Vasoactive agents


What are the benefits of vasoactive agents?

All major components governing the physiology of cardiac output, such as preload, afterload, inotropy, and chronotropy can be modulated by vasoactive agents. An underlying concept is the Frank-Starling principle, which states that increased myocardial fiber length, or preload, improves contractility up to an optimal state, then decreases with excess preload. Vasoactive agents, such as inotropes, can increase contractility, which can be conceptualized as a shift in the Frank-Starling curve ( Fig. 19.1 ). Other agents, such as vasopressors can increase or decrease arterial resistance (afterload) and venous compliance (preload).
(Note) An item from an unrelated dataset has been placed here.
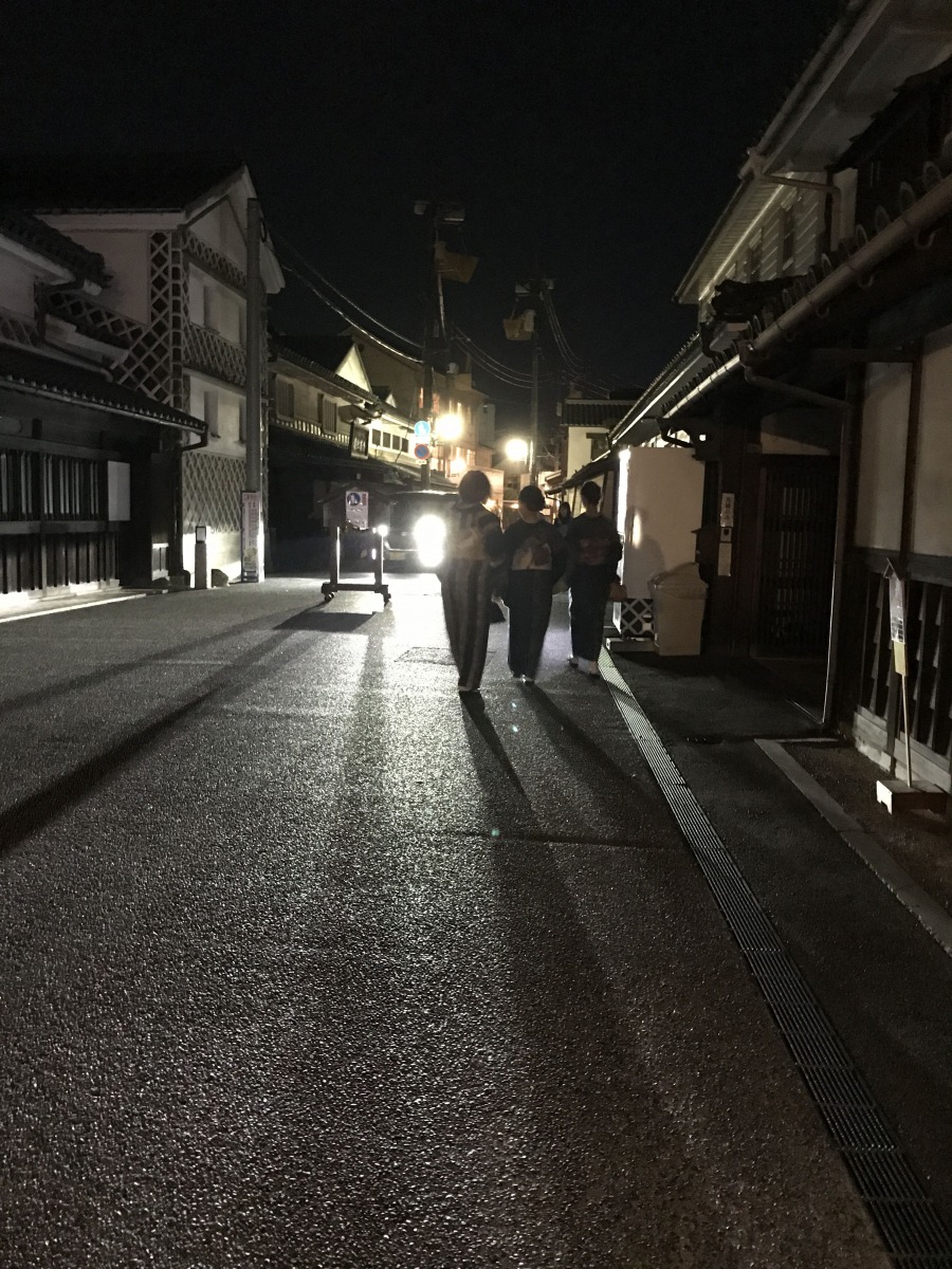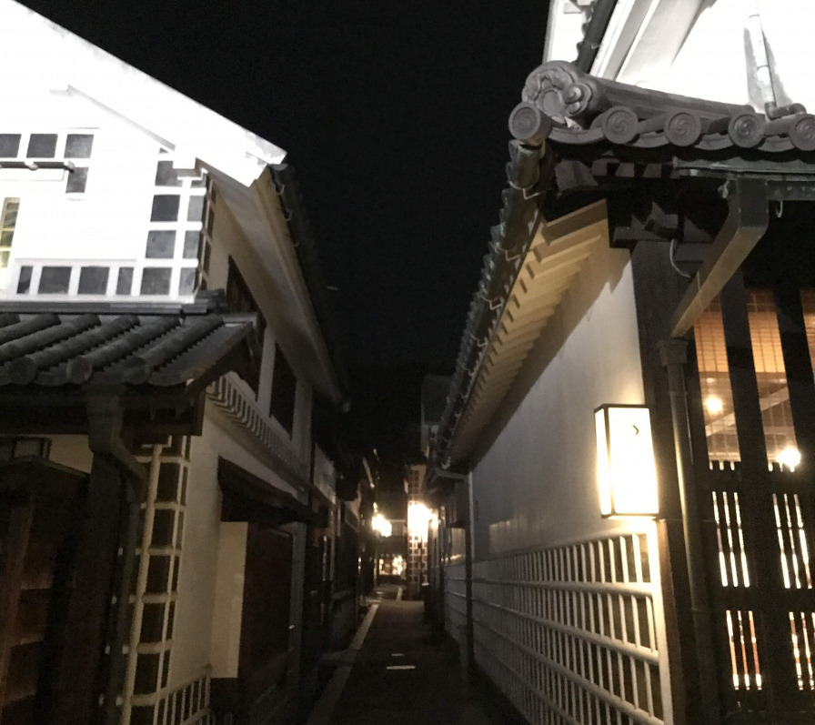 白壁の町の路地は、暗くなってきてもほのかに明るく、趣があります。

Other agents can increase or decrease heart rate (chronotropy), which affects cardiac output and coronary perfusion. Recall, blood pressure is the product of cardiac output and resistance, where cardiac output is the product of stroke volume and heart rate, and where stroke volume is determined by contractility, preload, and afterload. The anesthesiologist can modulate each of these physiologic variables using vasoactive agents to optimize the patient’s physiology.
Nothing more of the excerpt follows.